Problemy spółki Crytek GmbH zaczęły się w 2014 roku w związku z niepowodzeniem biznesowym przy tworzeniu gier Free to Play. Jak się okazuje, zła sytuacja pogłębiła się do tego stopnia, że studio zdecydowało się na zamknięcie większości swoich oddziałów.

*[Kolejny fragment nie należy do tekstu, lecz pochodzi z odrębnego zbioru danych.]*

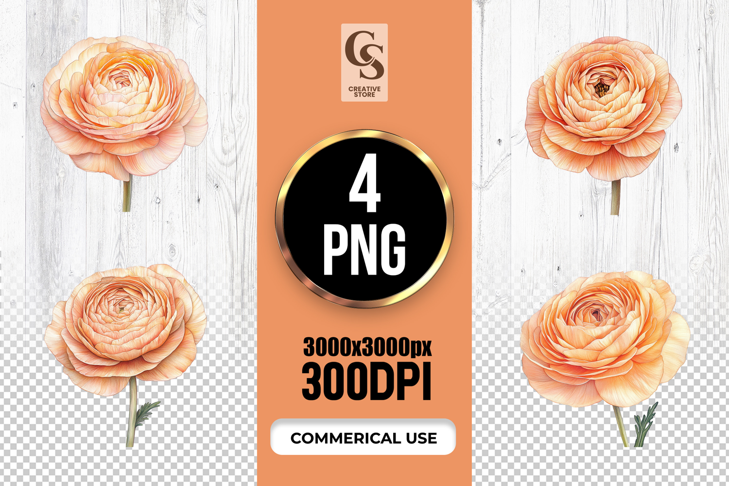 4 Peach Ranunculus Flower Illustration Clipart Sublimation PNG Files Perfect for Greeting Cards, Invitations, Junk Journal, Party Decor, Scrapbooking and many other craft projects.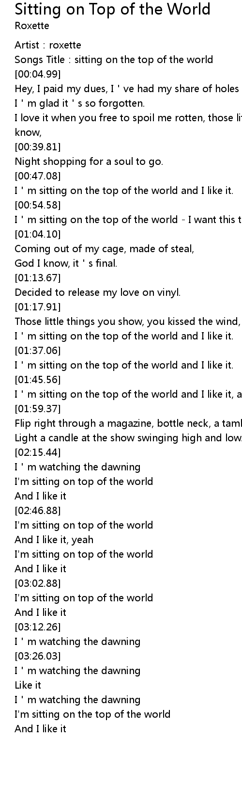 | [00:01.98] | Songs Title:sitting on the top of the world |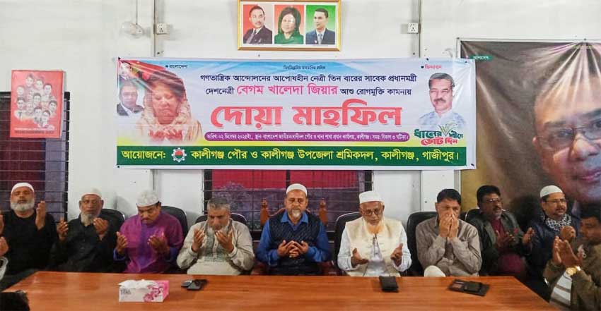 কালীগঞ্জে খালেদা জিয়ার সুস্থতা কামনায় শ্রমিক দলের দোয়া মাহফিল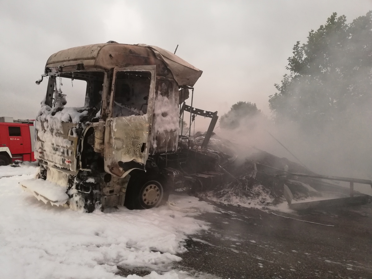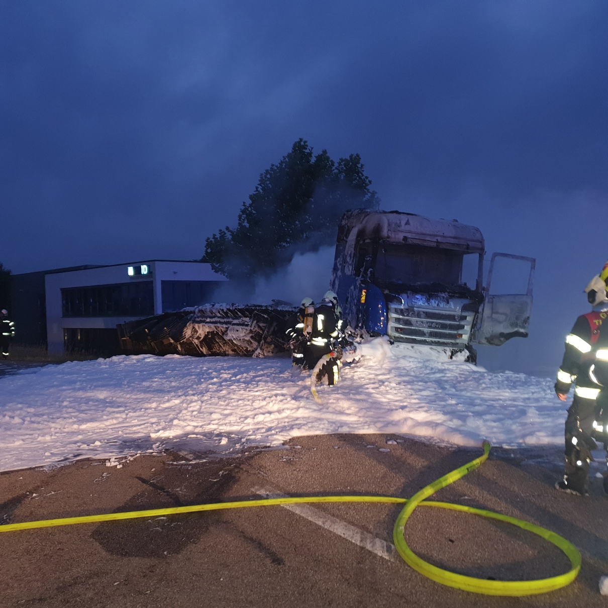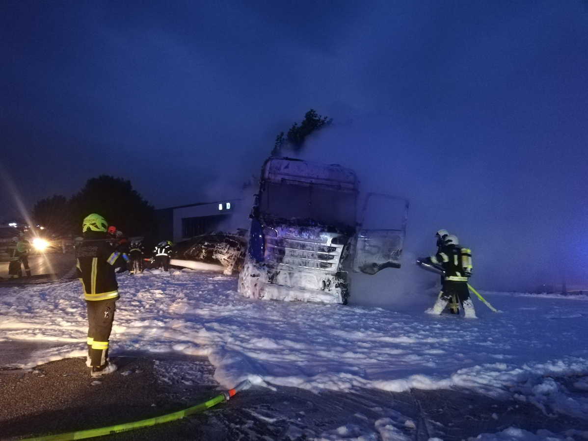 Der vermeintliche Gebäudebrand entpuppte sich als Brand eines voll beladenen Sattelkraftfahrzeuges, welches nach einem missglückten Wendemanöver in die Straßenböschung abrutschte und Feuer fing.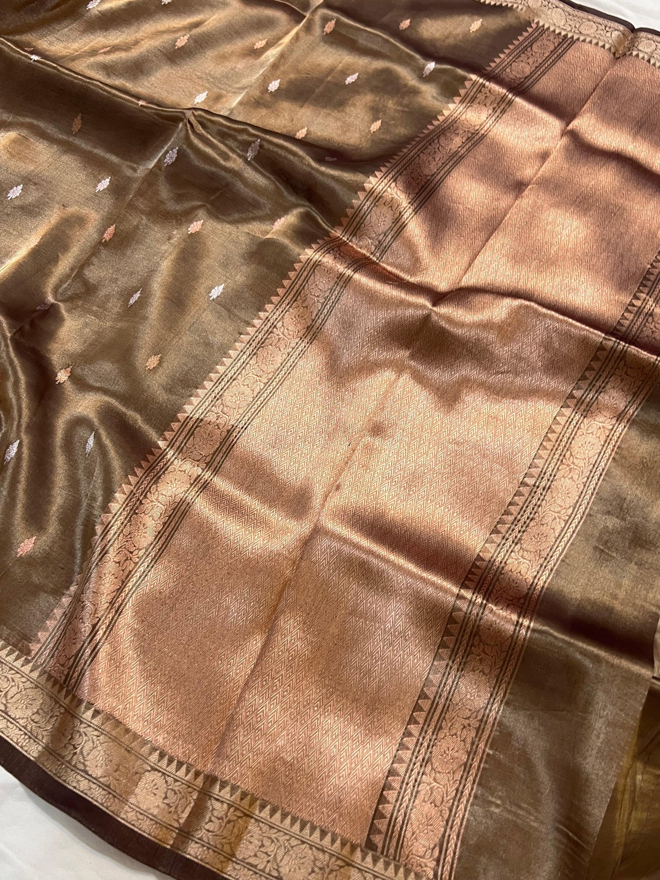 Chocolate Brown Pure Banarasi Handloom Tissue Silk Saree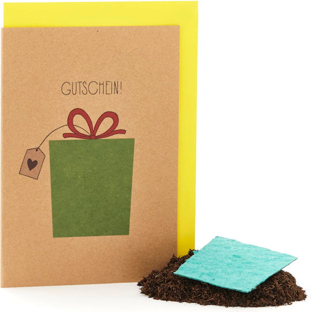 Toto přání je dokonalým obalem pro dárkový poukaz a prezentuje ho velmi okouzlujícím způsobem. A to nejlepší na tom je: balíček je vyroben ze semínkového papíru a obsahuje mnoho malých semínek, která po zasazení do země vyrostou v nádherné divoké květiny.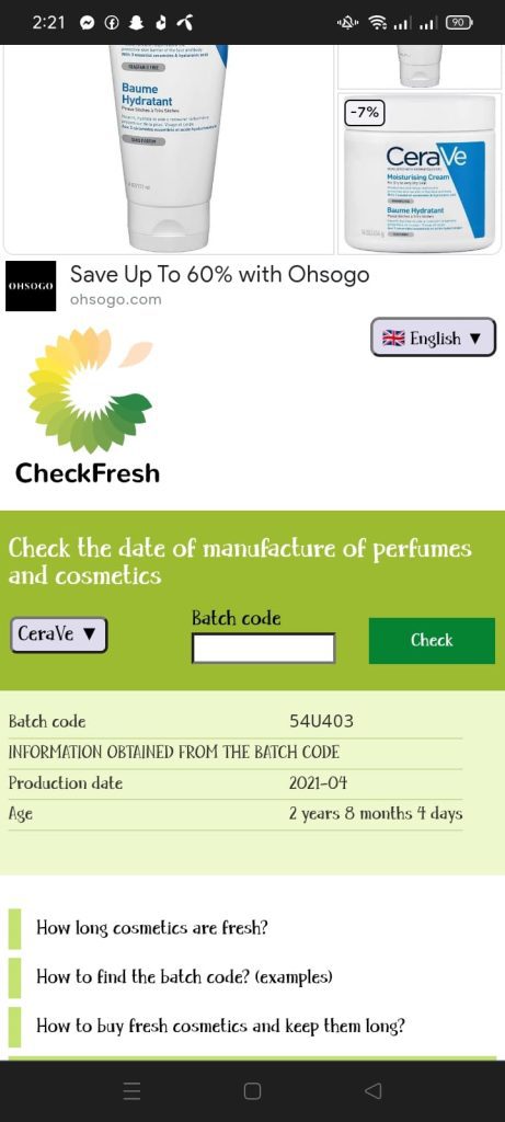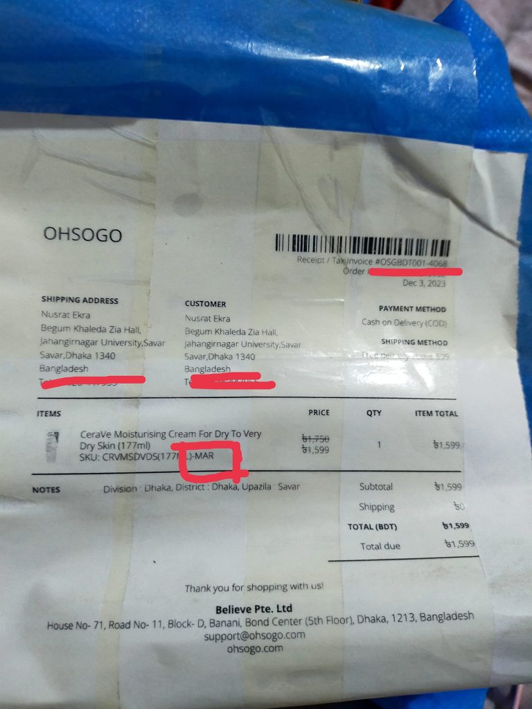 যার ডেলিভারি পাই ৫ তারিখে।হলের নিচে ওয়াইফাই না থাকায় রুমে এসে সাথে সাথেই ব্যাচ নাম্বার দিয়ে ম্যানুফ্যাকচারিং ডেইট চেক করি। তখন দেখি এটার উৎপাদন এপ্রিল,২০২১ এ। যেখানে সেরাভির সেল্ফ লাইফ ৩ বছর থাকে। তারমানে ওরা আমাকে সে প্রোডাক্টটি দিয়েছে সেটার আর মাত্র ৪ মাস মেয়াদ ও বাকি নেই।

Twórcy takich gier jak Far Cry, Crysis 1-3 czy Ryse: Son of Rome pogrążeni w problemach finansowych, których efektem były zaległości z wypłacaniem pracownikom ich należności (jeden z nich, niejaki Ludviq Lindvist, zdecydował się nawet wkroczyć na ścieżkę sądową), zmuszeni są do znacznej redukcji etatów i spółek zależnych. Zlikwidowane mają zostać filie: Crytek Black Sea, Crytek Budapest, Crytek Istanbul, Crytek Seoul, a także Crytek Shanghai. Studia we Frankfurcie i Kijowie mają natomiast ulec restrukturyzacji pod kątem nowych technologii w tworzeniu gier.
Czy zapowiada się koniec znanego gracza na rynku gier wideo? Paradoksalnie, radykalne kroki właścicieli spółki mogą świadczyć o tym, że jest jeszcze szansa na jej uratowanie (inaczej zapewne wszczęto by stopniowo procedury likwidacyjne). Tym nie mniej w takich warunkach możemy odczuwać niepokój odnośnie terminów i jakości kolejnych premier.